DATASET ENTRIES:
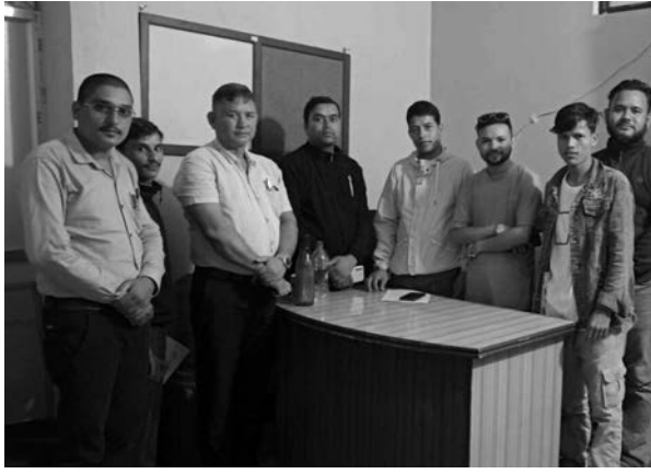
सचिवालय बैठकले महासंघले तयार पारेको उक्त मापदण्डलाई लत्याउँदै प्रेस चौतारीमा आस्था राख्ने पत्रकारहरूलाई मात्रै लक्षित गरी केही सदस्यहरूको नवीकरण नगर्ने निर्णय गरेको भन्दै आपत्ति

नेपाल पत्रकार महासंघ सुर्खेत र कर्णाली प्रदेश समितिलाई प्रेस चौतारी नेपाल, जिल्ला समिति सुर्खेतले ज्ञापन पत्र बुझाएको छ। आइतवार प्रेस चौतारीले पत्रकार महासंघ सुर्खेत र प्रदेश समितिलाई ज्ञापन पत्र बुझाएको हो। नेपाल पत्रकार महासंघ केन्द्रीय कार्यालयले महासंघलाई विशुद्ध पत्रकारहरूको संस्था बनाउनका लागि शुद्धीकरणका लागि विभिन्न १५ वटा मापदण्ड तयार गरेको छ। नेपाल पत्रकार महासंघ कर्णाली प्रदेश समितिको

---

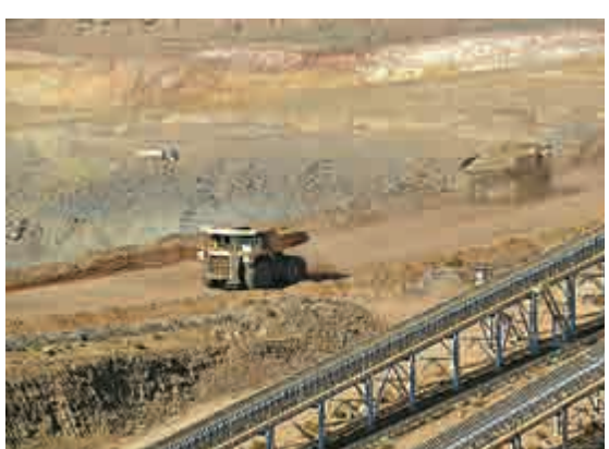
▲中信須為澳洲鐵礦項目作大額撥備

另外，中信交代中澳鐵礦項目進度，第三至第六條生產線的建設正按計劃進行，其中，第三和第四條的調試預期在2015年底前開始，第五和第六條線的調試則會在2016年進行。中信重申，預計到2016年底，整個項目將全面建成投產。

--

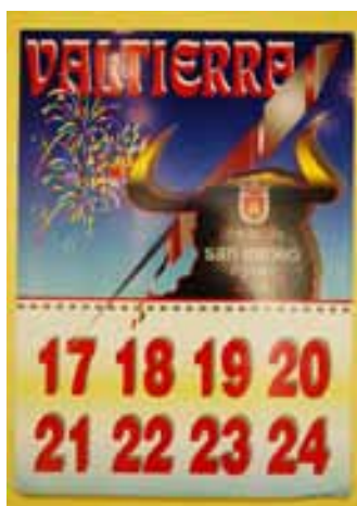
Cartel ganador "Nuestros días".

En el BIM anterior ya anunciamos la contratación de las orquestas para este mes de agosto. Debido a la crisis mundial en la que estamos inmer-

TASK DIRECTIONS:
Set down only the lines above that fall between the line holding "सचिवालय बैठकले महासंघले" and the line holding "नेपाल पत्रकार महासंघ सुर्खेत", inclusive, keeping each exact.

RESULT OF THE EXERCISE:
सचिवालय बैठकले महासंघले तयार पारेको उक्त मापदण्डलाई लत्याउँदै प्रेस चौतारीमा आस्था राख्ने पत्रकारहरूलाई मात्रै लक्षित गरी केही सदस्यहरूको नवीकरण नगर्ने निर्णय गरेको भन्दै आपत्ति

नेपाल पत्रकार महासंघ सुर्खेत र कर्णाली प्रदेश समितिलाई प्रेस चौतारी नेपाल, जिल्ला समिति सुर्खेतले ज्ञापन पत्र बुझाएको छ। आइतवार प्रेस चौतारीले पत्रकार महासंघ सुर्खेत र प्रदेश समितिलाई ज्ञापन पत्र बुझाएको हो। नेपाल पत्रकार महासंघ केन्द्रीय कार्यालयले महासंघलाई विशुद्ध पत्रकारहरूको संस्था बनाउनका लागि शुद्धीकरणका लागि विभिन्न १५ वटा मापदण्ड तयार गरेको छ। नेपाल पत्रकार महासंघ कर्णाली प्रदेश समितिको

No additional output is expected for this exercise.